Olivers also had good relations with Great Britain's Jewish community, attending Jewish synagogues and became friends with Rabbi Myer Lyon. In 1775, Wesley appointed Olivers to co-write the Arminian Magazine with him. Olivers often exercised control over the content of the magazine. Due to a lack of formal education, Olivers' editorial of the magazine contained several printing errors, which annoyed Wesley but he persevered with Olivers whom he counted as a friend and attached a list of errors at the back of the yearly annual in 1778. However following an "astounding number of errata", Wesley declared in a letter that "I cannot, dare not, will not suffer Thomas Olivers to murder the Arminian Magazine any longer. The errata are intolerable and innumerable. They shall be so no more" and removed Olivers from his position in 1789. Despite this, Olivers and Wesley remained good friends, often viewed as a father-son relationship.
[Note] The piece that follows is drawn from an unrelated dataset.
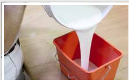
4 Après avoir vidé l'eau du camion, verser la peinture.

When Olivers died in March 1799 in London, he was buried in Wesley's grave.

== Hymn writing ==

Along with preaching, Olivers was also a hymn-writer and wrote 20 hymns. His most well-known hymn was "The God of Abraham Praise", which he wrote after hearing Lyon sing "Yigdal" in the Great Synagogue of London. He was inspired by Lyon and paraphrased Yigdal to give it a Christian character and was given the music by Lyon, which Olivers subsequently titled "Leoni" after Lyon.